• What you are asked to do: As an exercise in exact copying, transcribe the lines below from the one holding "Koncert zespołu PIERSI 21.07.2024 w Wieleniu" through the last, with both ends included and pictures left out.

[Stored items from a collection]
■ ■ ■ ■ ■ ■ ■

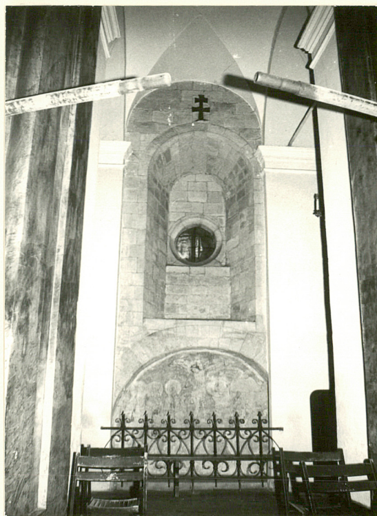
FRAGMENT FASADY ROMAŃSKIEJ
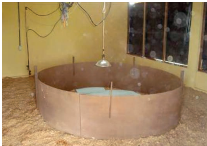
Figura 25: Círculo de proteção montado
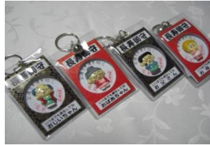
ファミリーお守り 280円より
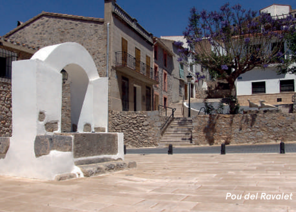
Pou del Ravalet

Junto a la Torre del Rey se construye en el siglo XIX El Faro , pieza muy interesante de ingeniería pública de la época.
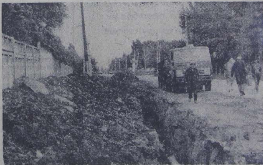
Работы на канализационном коллекторе проводились мясокомбинатом.

Хотим знать, когда, наконец, организация, отвечающая за порядок и состояние дороги, примет меры? О. ОРСИНА и др. Всего 11 подписей.
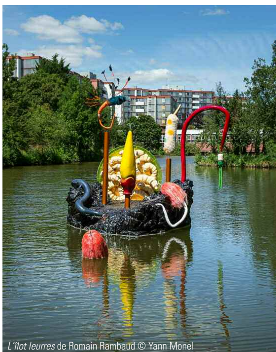
L'îlot leurres de Romain Rambaud

Les œuvres réalisées pourront être éphémères (au minimum pour la durée d'ouverture au public du 22 mai au 17 octobre 2021 ) ou semi-pérennes. Un comité artistique se réunit à la clôture du Festival pour décider des œuvres reconduites.
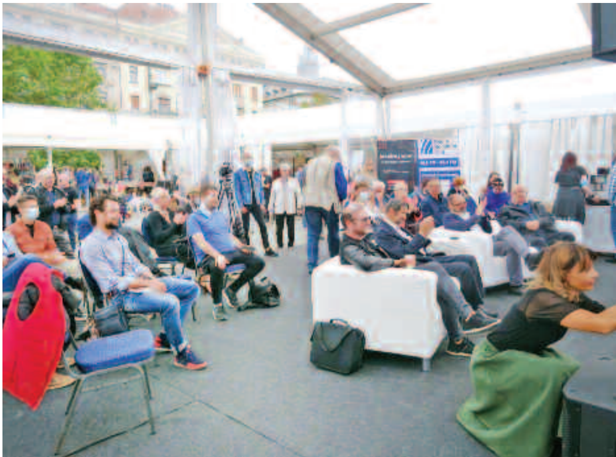
Lansarea a avut loc sâmbătă, 18 septembrie 2021

momentul de față o teză de doctorat dedicată lui Vasile Lucaciu, memorandistul, adică fratele celui despre care vorbim astăzi, și sigur, atunci când a pornit cu inițiativa de a propune o asemenea teză de doctorat, binevenitorii din jur i-au spus: "dar s-a scris totul despre Vasile Lucaciu". Ei bine, vreau să vă spun că domnia sa a descoperit lucruri totalmente necunoscute, totalmente inedite, și teza de doctorat, pe lângă faptul că aduce lucruri noi va fi și de o dimensiune consistentă, adică așa cum se cuvine unui militant, unui personaj care a lăsat urme adânci în istoria românilor din Transilvania, și de fapt din întreaga Românie.
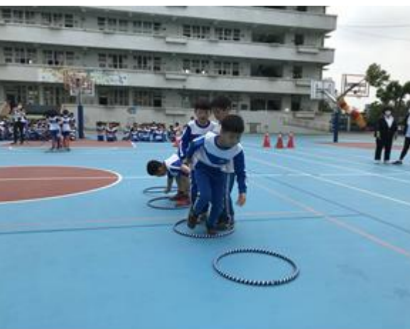
照片說明：校慶大運動會-一、二年級趣味競賽
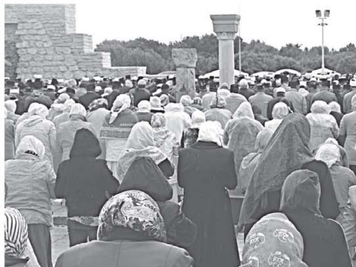
Өйля-намаз в Исторической Джамиг-мечети

Обращаясь к собравшимся Шейхуль - ислам говорит:
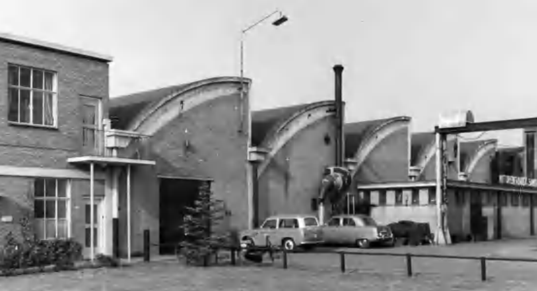
Het front van de fabriek.

te halen. En met succes. In korte tijd vestigden veel bedrijven zich op de industrieterreinen. 2
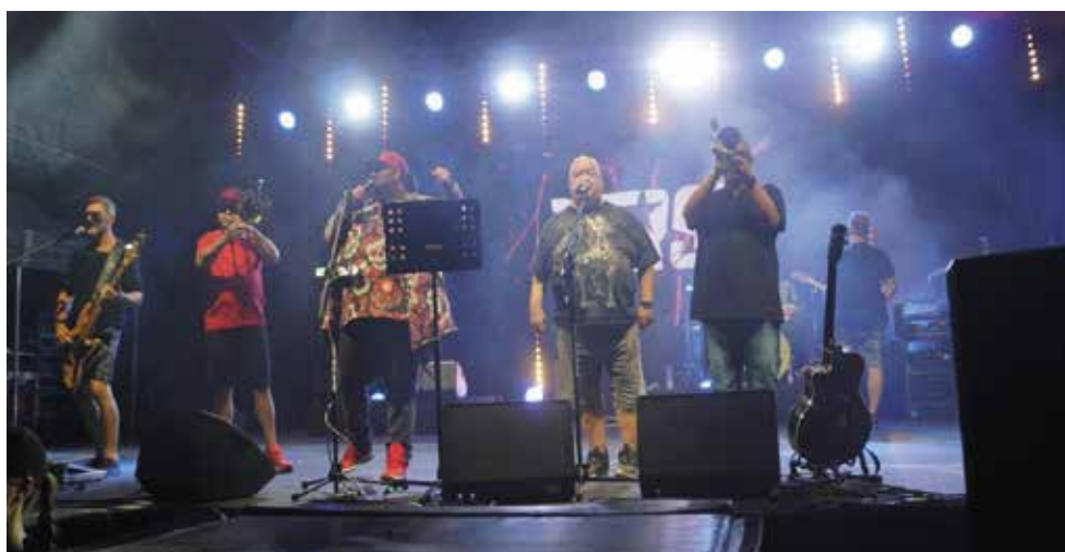
Koncert zespołu PIERSI 21.07.2024 w Wieleniu
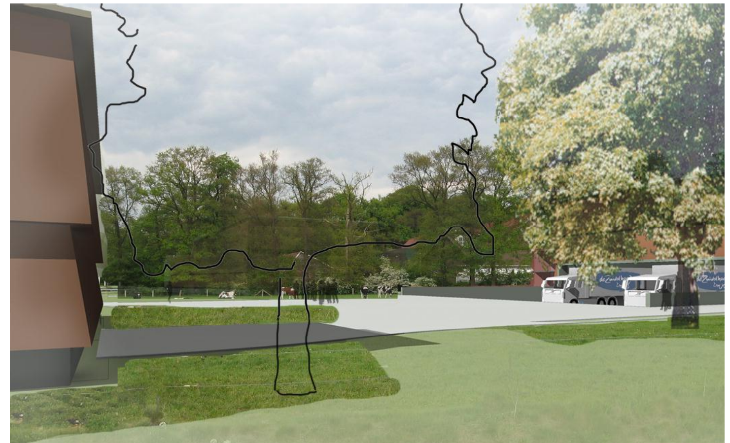
05 situatie vanaf eigen terrein gezien
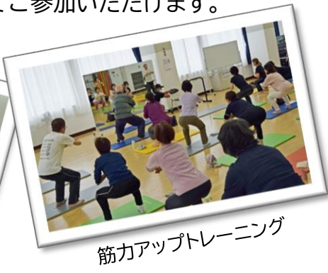
筋力アップトレーニング
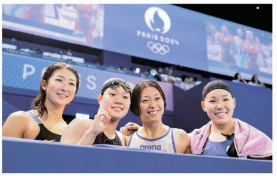
感想はこちらから

座右の銘は「騎士道精神」。一度戦いに負けた者が、勢いを盛り返して、再び攻めてくること、の意。「中学から高校の国語の授業で習った時に、『これかっこいい！ いいじゃん』って思ってから、ずっと掲げてます。2016年のリオ五輪では準決勝で敗退し、その後5年間、日本代表から遠ざかった。それでも過去の自分を超えたいと、過酷な練習を地道に積み重ね、完全復活を遂げた。座右の銘のままに、今、さらなる進化を続けている。
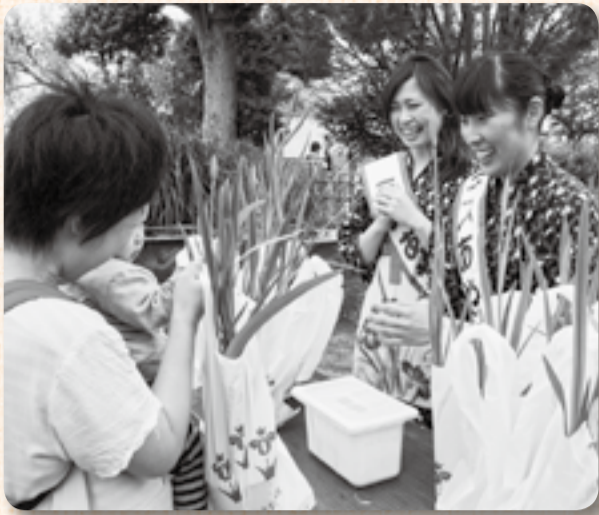
▲先着100人のプレゼントは大好評
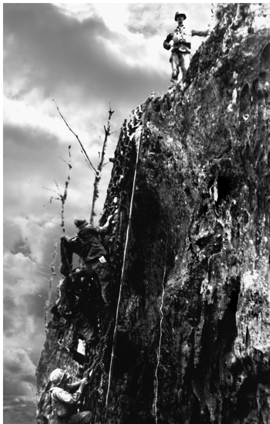
Desmond Doss sulla cima dell'Hacksaw Ridge, sull'isola di Okinawa. Si era offerto volontario per proteggere le reti da carico.
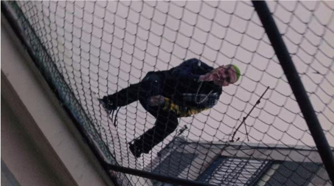
Figura 13. Yo te he visto fumando krippy. Cliqua, 2018.
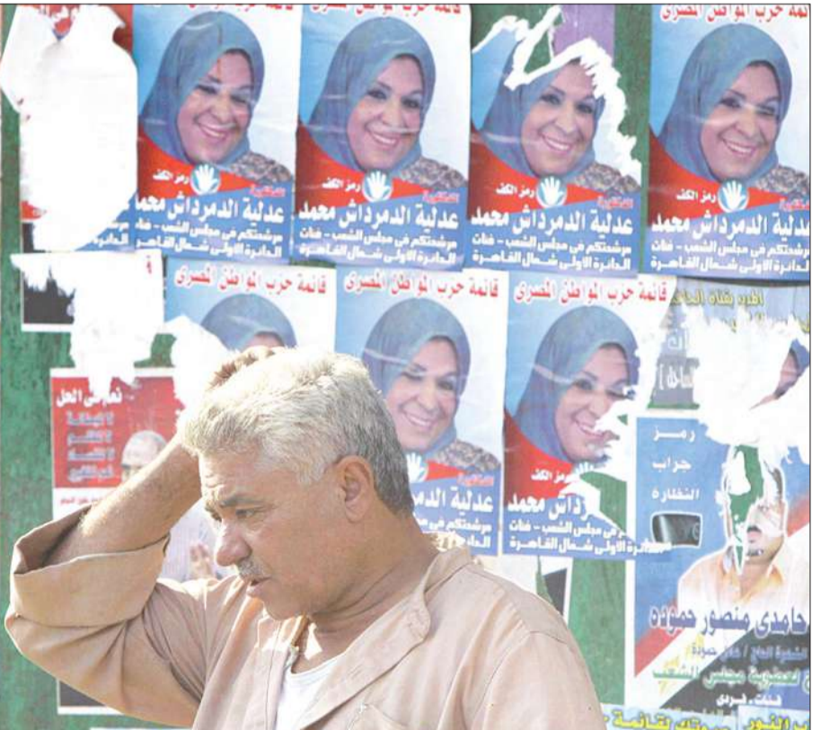
مصري يمر بجانب ملصقات تغطي جداراً لمرشحة في الانتخابات في القاهرة أمس
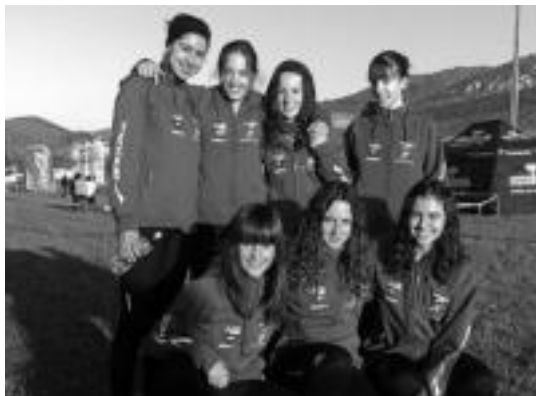
Kadete neskek Euskadiko hirugarrenak gelditu ziren. HITZA

Hemendik aurrera, neguko gailontzeko txapelketak jokatuko dira. Tolosa CF taldeko arduradunek emaitza bikainekin jarraitzea espero dute, kirolarien lana txalotzearekin batera.
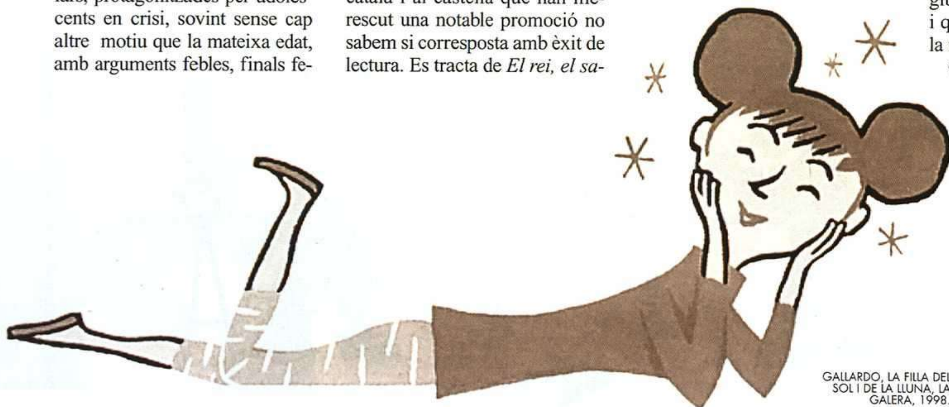
GALLARDO, LA FILLA DEL SOL I DE LA LLUNA, LA GALERA, 1998.

Com veiem, l'edició del llibre infantil en català aquest curs ha continuat amb el seu ritme estable, amb una oferta més àmplia que variada. Malgrat la tendència continuista s'observen novetats que podem consignar com a canvis si es mantenen al llarg de la propera temporada. ■
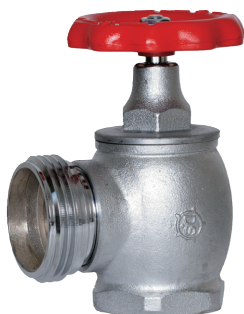
DV-465N 65A×90° ネジ式
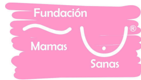
Fundación Mamas Sanas A.C.
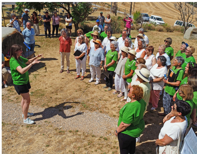
Descobriments de la placa commemorativa i actuació coral durant l'acte central de l'Any Magí Fàbrega a Cererols. Durant aquest 2026 es duen a terme diferents activitats en motiu del centenari de la mort d'aquest destacat jurista surienc.
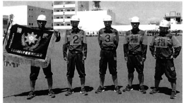
小型ポンプ操法の部の皆さん
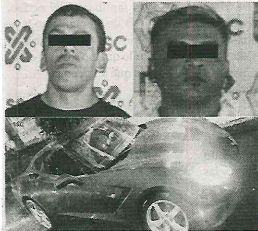
Eran dealers de "lujo"

Finalmente, los efectivos policiales detuvieron a los hombres de 29 y 40 años y junto con lo asegurado fueron remitidos al MP, quien determinará su situación legal por los delitos de narcomenudeo, asociación delictiva y delitos contra la salud.

■ ■ ■ ■ ■ ■ ■

• Solution:
Koncert zespołu PIERSI 21.07.2024 w Wieleniu
05 situatie vanaf eigen terrein gezien
筋力アップトレーニング
感想はこちらから

座右の銘は「騎士道精神」。一度戦いに負けた者が、勢いを盛り返して、再び攻めてくること、の意。「中学から高校の国語の授業で習った時に、『これかっこいい！ いいじゃん』って思ってから、ずっと掲げてます。2016年のリオ五輪では準決勝で敗退し、その後5年間、日本代表から遠ざかった。それでも過去の自分を超えたいと、過酷な練習を地道に積み重ね、完全復活を遂げた。座右の銘のままに、今、さらなる進化を続けている。
▲先着100人のプレゼントは大好評
Desmond Doss sulla cima dell'Hacksaw Ridge, sull'isola di Okinawa. Si era offerto volontario per proteggere le reti da carico.
Figura 13. Yo te he visto fumando krippy. Cliqua, 2018.
مصري يمر بجانب ملصقات تغطي جداراً لمرشحة في الانتخابات في القاهرة أمس
Kadete neskek Euskadiko hirugarrenak gelditu ziren. HITZA

Hemendik aurrera, neguko gailontzeko txapelketak jokatuko dira. Tolosa CF taldeko arduradunek emaitza bikainekin jarraitzea espero dute, kirolarien lana txalotzearekin batera.
GALLARDO, LA FILLA DEL SOL I DE LA LLUNA, LA GALERA, 1998.

Com veiem, l'edició del llibre infantil en català aquest curs ha continuat amb el seu ritme estable, amb una oferta més àmplia que variada. Malgrat la tendència continuista s'observen novetats que podem consignar com a canvis si es mantenen al llarg de la propera temporada. ■
DV-465N 65A×90° ネジ式
Fundación Mamas Sanas A.C.
Descobriments de la placa commemorativa i actuació coral durant l'acte central de l'Any Magí Fàbrega a Cererols. Durant aquest 2026 es duen a terme diferents activitats en motiu del centenari de la mort d'aquest destacat jurista surienc.
小型ポンプ操法の部の皆さん
Eran dealers de "lujo"

Finalmente, los efectivos policiales detuvieron a los hombres de 29 y 40 años y junto con lo asegurado fueron remitidos al MP, quien determinará su situación legal por los delitos de narcomenudeo, asociación delictiva y delitos contra la salud.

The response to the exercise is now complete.